# [AIM OF THE TASK]
Using the data that follows, output only the lines from the line with "vpopart, Tiene tecnología" up to and including the line with "- AI Description: These", exactly, leaving pictures aside.

# [DATA LISTING]
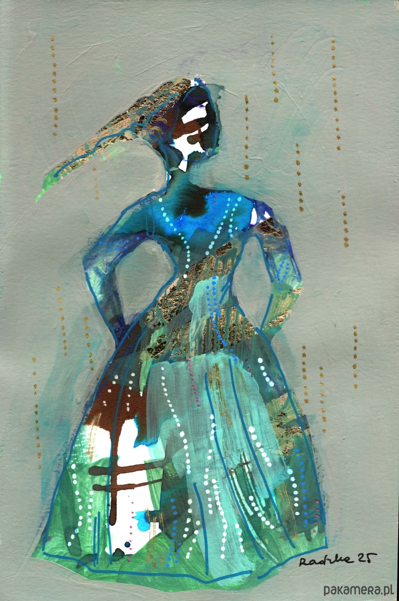 Akwarela formatu 16x24 cm wykonana za pomocą akwareli Talensa, złotych płatków szlagmetalu, z dodatkiem tuszu, akryli oraz kaligraficznych pisaków Kuretake na profesjonalnym papierze akwarelowym Talens 300 g/m2.
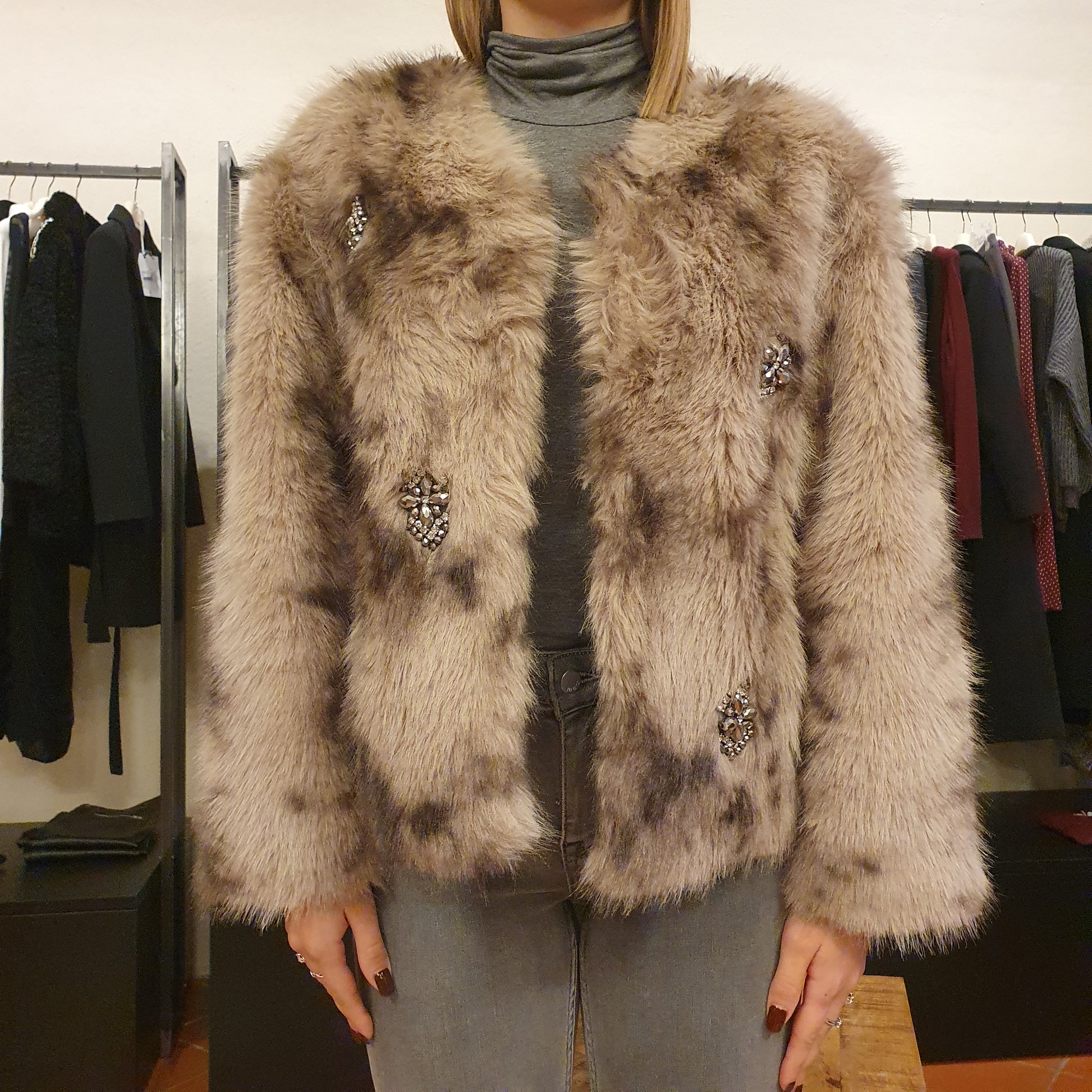 Ecopelliccia beige con strass
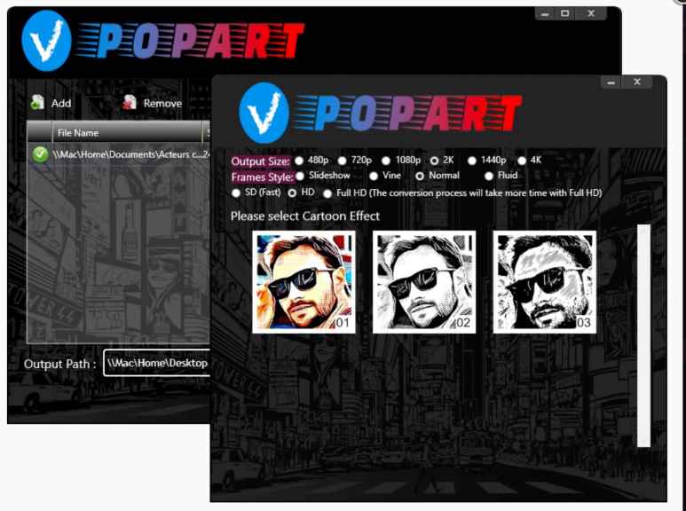 vpopart, Tiene tecnología de video avanzada y te ayuda a reflejar el diseño que creaste en tu mente directamente en la pantalla. Crea tus vídeos como desees sin mucho esfuerzo y conviértelos fácilmente al formato pop art. Compatible con varios formatos y convierte sin esfuerzo con un solo clic sin ningún problema. Puede exportar en resolución 4K o superior y hacer todo esto sin conexión a Internet.
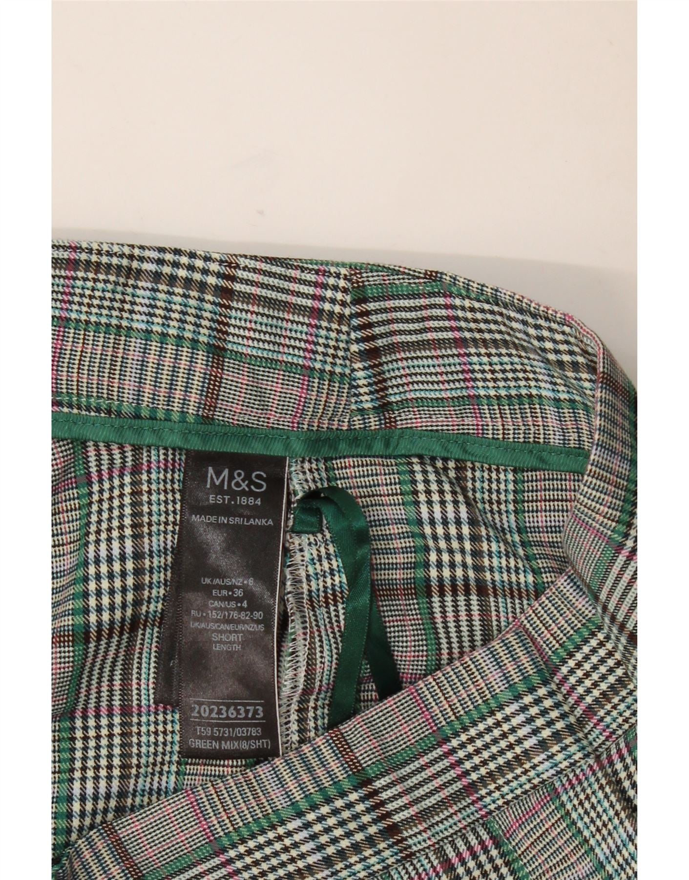 - AI Description: These Marks & Spencer womens cropped trousers are crafted from a woven fabric with a smooth finish. They feature a classic plaid pattern in a sophisticated multicoloured blend of grey, green, and black. The mid-rise waist includes an elasticated pull-on design for comfort and ease. A regular fit ensures a comfortable silhouette. The cropped length offers a modern, versatile style, perfect for smart casual wear.
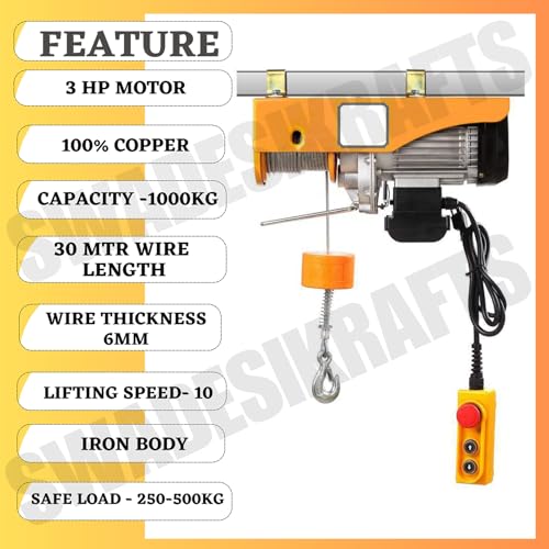 SWADESI KRAFTS 3hp PA 1000kg(250-500kg Safeload) 30Mtr6mm wi… is Marketed by https://www.excelinds.com/online-shop/

# [SOLUTION TO THE PROBLEM]
 vpopart, Tiene tecnología de video avanzada y te ayuda a reflejar el diseño que creaste en tu mente directamente en la pantalla. Crea tus vídeos como desees sin mucho esfuerzo y conviértelos fácilmente al formato pop art. Compatible con varios formatos y convierte sin esfuerzo con un solo clic sin ningún problema. Puede exportar en resolución 4K o superior y hacer todo esto sin conexión a Internet.
 - AI Description: These Marks & Spencer womens cropped trousers are crafted from a woven fabric with a smooth finish. They feature a classic plaid pattern in a sophisticated multicoloured blend of grey, green, and black. The mid-rise waist includes an elasticated pull-on design for comfort and ease. A regular fit ensures a comfortable silhouette. The cropped length offers a modern, versatile style, perfect for smart casual wear.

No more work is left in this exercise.